Movie Rating for ANGEL
  5
Avenging Angel
 
Movie Rating for AVENGING ANGEL
  3  
Angel III
 
Movie Rating for ANGEL III: THE FINAL CHAPTER
  3
  DVD Rating   6  
DVD score is for entire set
 
Coming at the very tail end of the drive-in era and propelled by a catchy tagline ("High school honor student by day... Hollywood hooker by night!"), the low budget exploitation flick Angel racked up a stunning $23 million at the box-office. Naturally this resulted in sequels — three total — geared towards the then-burgeoning home video market. Anchor Bay brings the original Angel and two of its sequels to DVD in an attractive 3-disc gatefold collector's edition.
   
In the first film we meet Molly Stewart (Donna Wilkes), a perky 15-year old with a stellar GPA and a reputation as a goodie two-shoes at the private high school she attends. Her daytime guise hides a sordid truth: abandoned by her mother at age 12, for the last three years she's supported herself by hustling Hollywood Boulevard as a prostitute called "Angel." Her only friends are the street people she's come to know during her nocturnal rounds. These include a trash-talking transvestite (Dick Shawn), a washed up cowboy actor (Motel Hell's Rory Calhoun) and the other hookers who share her turf. To both school officials and her foul-mouthed lesbian landlord Solly (Susan Tyrell), Molly maintains the fiction that her mother lives with her as a bedridden invalid. Her disparate worlds finally collide when a deranged, (literally) egg-sucking serial killer (Miami Vice's John Diehl) slaughters two of her fellow working girls. The lone witness who can finger the murderer, Molly is taken under the protective wing of a gruff but kindhearted detective, Lt. Andrews (Cliff Gorman), who eventually learns of her dual existence. The killer makes a ridiculously unbelievable escape from the police station and, disguising himself as a Hare Krishna, begins stalking Molly on the boulevard. But the teen's tough, streetwise Angel persona kicks into overdrive when she discovers her transvestite buddy has been stabbed to death. She picks up a pistol and goes after the killer herself.

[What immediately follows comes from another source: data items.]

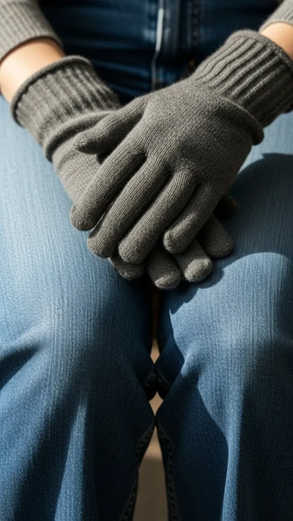 Winter calls for warm, knit gloves. Match them with a chunky sweater or cardigan for a casual cozy outfit. Look for gloves with cable knit or simple ribbed patterns. Thrift stores often have great finds for knitwear, including gloves. If you want a customized touch, add small pom-poms or knit your own gloves using easy patterns online. This look works great for relaxed weekends or casual outings.
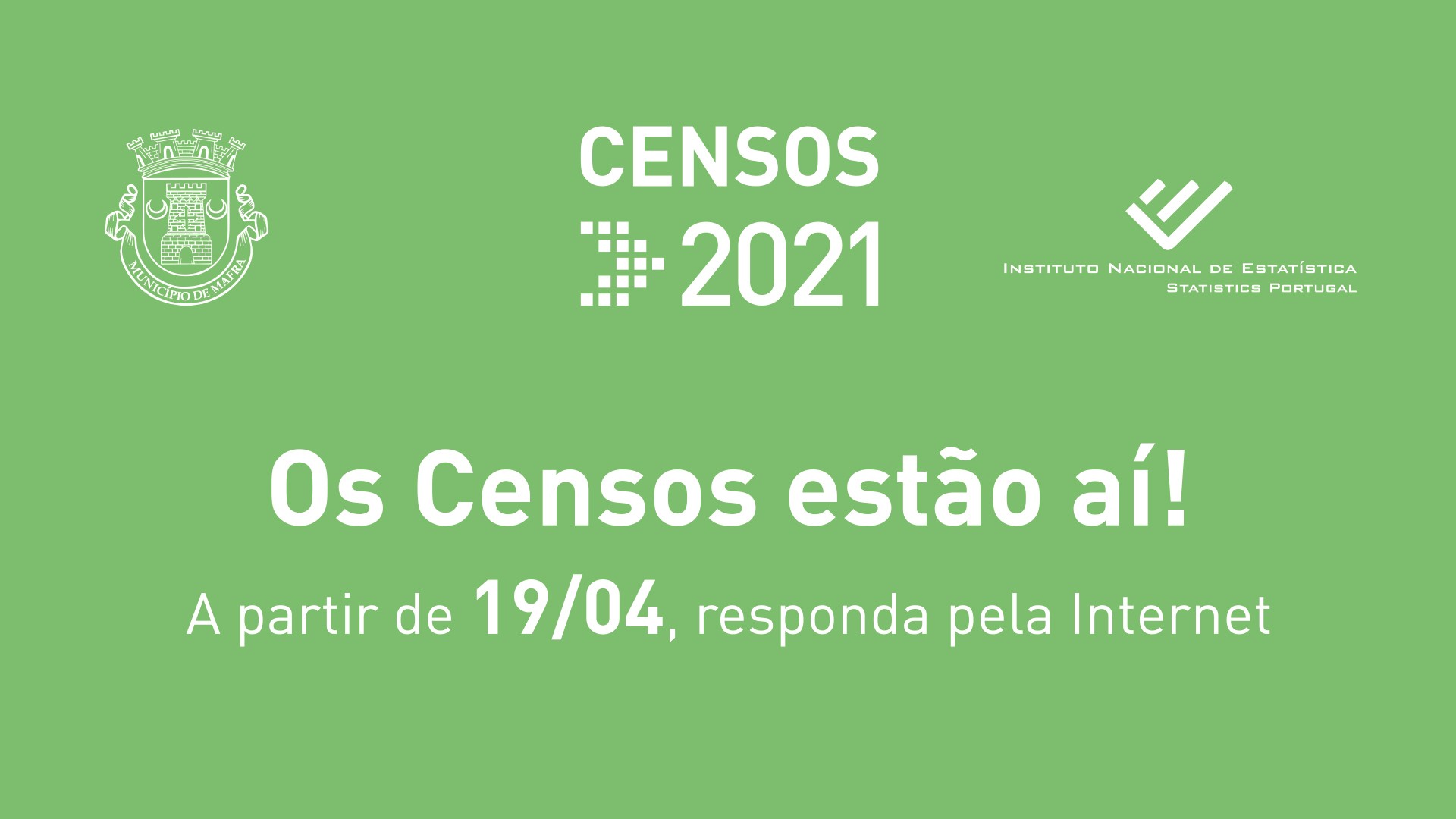 Já começaram os Censos 2021. A partir de hoje, e de preferência até 3 de maio, responda ao inquérito "online".Assista ao vídeo com a mensagem do Presidente da Câmara Municipal de Mafra.
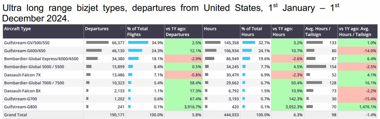 Ultra long range bizjet types, departures from United States, 1st January-1st December 2024.
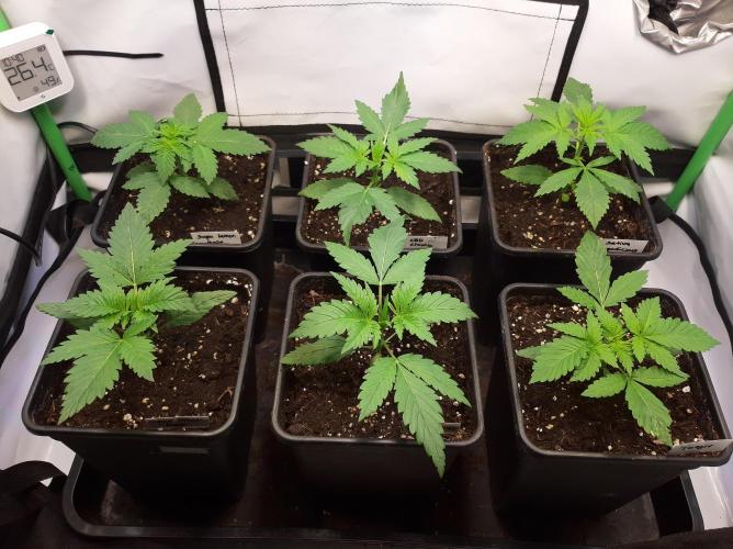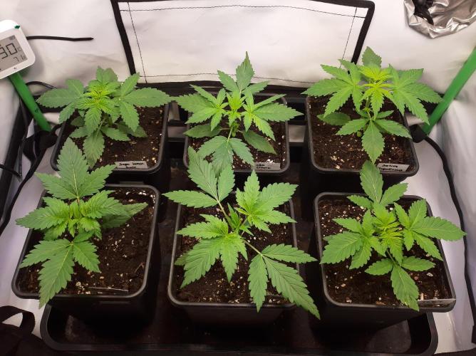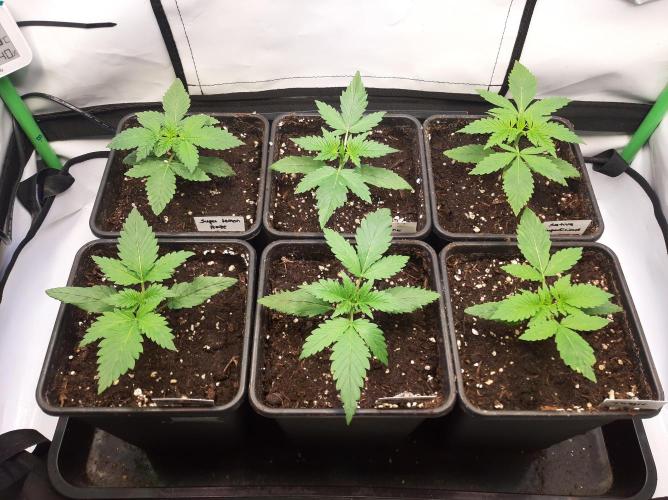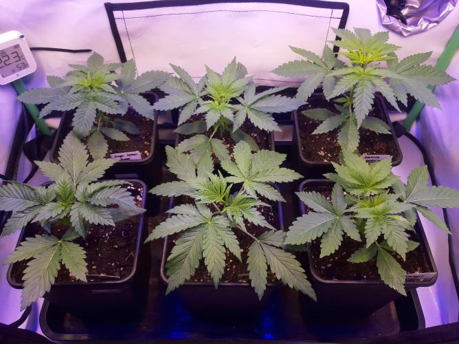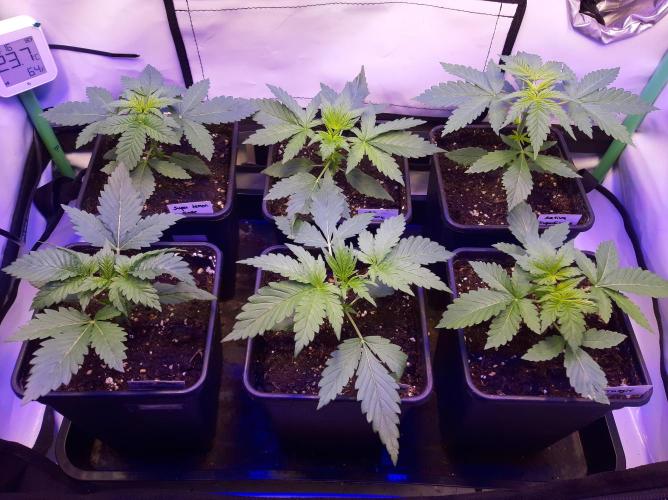 BOTAN1ST We should have repotted them a bit earlier. Due to the delayed repotting, they are now a bit smaller than they should have been. But they will catch up on that :) The light cycle has been changed to 12/12 so the plants stay small since they will bloom a bit longer. It's a test, especially the Nevill's Haze, which has a 16-week flowering period, shouldn't get too huge. We're curious to see how it turns out.
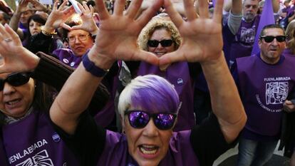 Alba Galán acaba de cumplir 18 años y ha llegado desde Valencia. En su pancarta se puede leer: “Quien ama no mata, ni humilla, ni maltrata”. Narra que alguna amiga le ha contado que el novio le riñe por la forma de vestir y que eso es un síntoma de violencia machista. “Trabajo en prevención y se podría hacer mucho más. Con recortes y sin ellos”, ha asegurado Ana Isabel Velázquez, una trabajadora social del sur de Madrid que se enfrenta diariamente a casos de mujeres maltratadas. Alfonsa Escobar es una madrileña de Vicálvaro. Tiene 78 años y aunque le cuesta andar, no ha querido perderse la marcha. “Tengo ocho nietas. Algunas han tenido que emigrar a Holanda porque, aunque tienen la misma formación que sus compañeros varones, a ellas les pagan menos o ni las contratan. Eso también es una forma de violencia de género”.
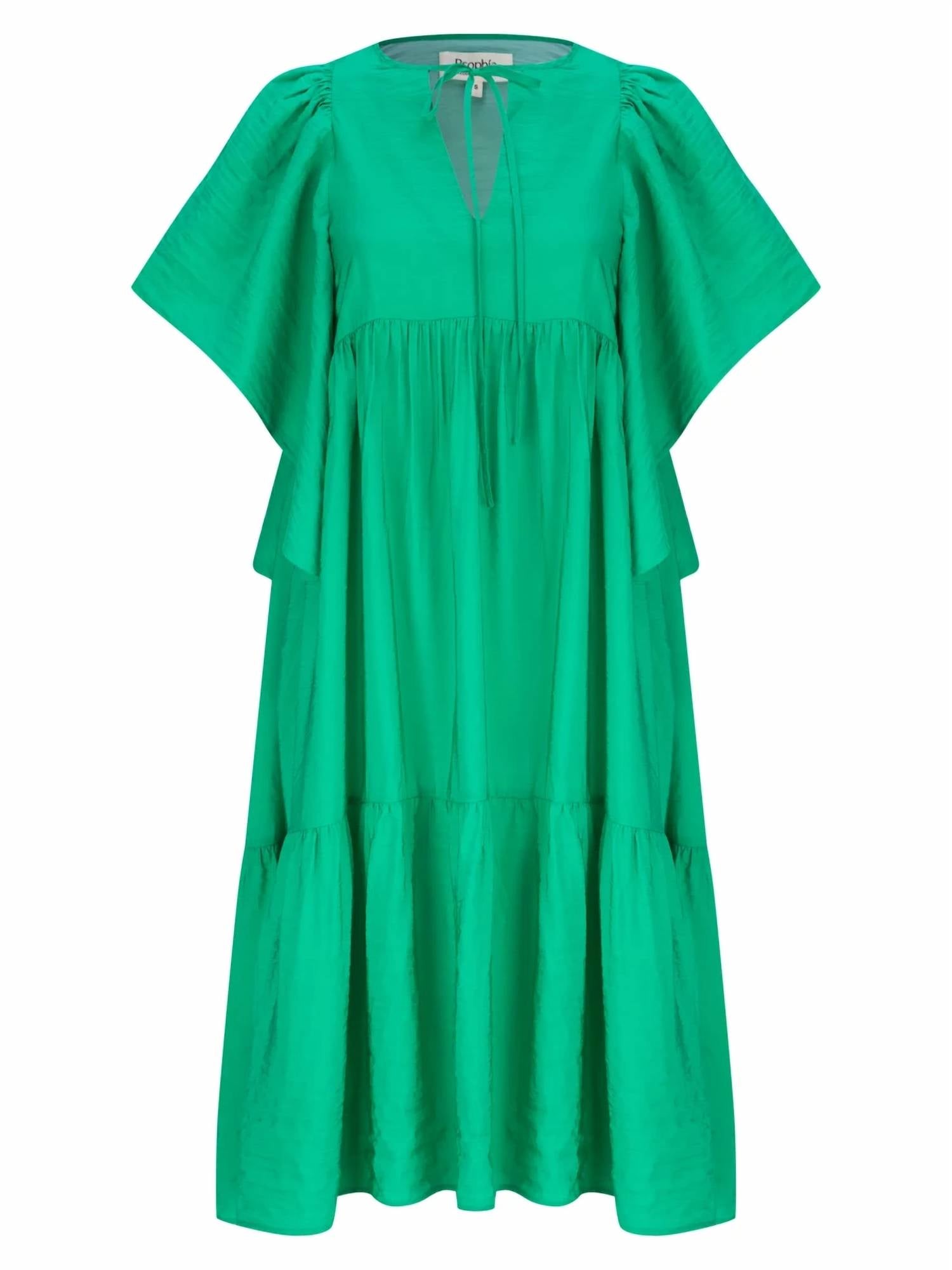 Basta adicionar slides ou mules e pronto. Este vestido midi verde vibrante apresenta decote em V com detalhes de gravata, mangas esvoaçantes, silhueta em camadas e tecido texturizado leve para um visual alegre e feminino. 86% rayon, 14% nylon.

    Surprisingly well-acted by Wilkes and Gorman — in spite of the dialog — Angel is mildly entertaining trash that can't decide whether it wants to be grimly serious or sleazy camp. For every dramatic scene there's a counterbalancing silly one. (This is the only movie I know of to feature a battle to the death between a wisecracking drag queen and a guy dressed as a Hare Krishna.) It's also surprisingly chaste compared to European exploitation fare. There is some full frontal nudity on display, but ironically the majority of it occurs in the girls' high school locker room and not when the hookers are plying their trade. Wilkes, who was 24 at the time, actually looks like she's 15 but her fellow students are mostly in the 25 to 30 range.
   
Avenging Angel, cranked out the following year but set 4 years later, replaces Wilkes with the statuesque Betsy Russell as Molly, now a college coed studying law. With the help of her friend and patron Lt. Andrews (also played by a different actor), Molly's left the sordid world of prostitution far behind her. The past is forgotten, the future looks bright. When Andrews is gunned down in the street by a mob hit team, however, Molly must become Angel again to find out why he was killed and who pulled the trigger. She hooks up with old friends Kit Carson (Calhoun again, shamelessly hamming it up) and Solly (now an avant-garde artist!) to hunt down those responsible. Z-movie veteran Ross Hagan (Sidehackers) chews the scenery as the chief assassin, getting one of the most ludicrous deaths I've seen to date. (Basically, he's killed by a slippery floor... You'll have to see the movie to believe it.) Were it not for a few violent killings and some bitch-slapping the film would play as a comedy — and a really lousy one at that. Russell is an absolutely terrible actress; Calhoun is so over-the-top he's actually embarrassing to watch. Respected stage/screen actor Ossie Davis, obviously slumming for a quick paycheck, has a supporting role as a police captain. A new street pal of Molly's, Johnny Glitter (Barry Pearl), is so irritating one devoutly hopes the bad guys will blow his stinkin' head off. The cheesy score tries hard to emulate James Horner's compositions for 48 Hrs. and Commando. Much tamer than Angel, the nudity and violence are barely enough to earn an R rating. Somehow they manage to throw in yet another round of drag queen vs. villain fisticuffs — only this time it's a tagteam match!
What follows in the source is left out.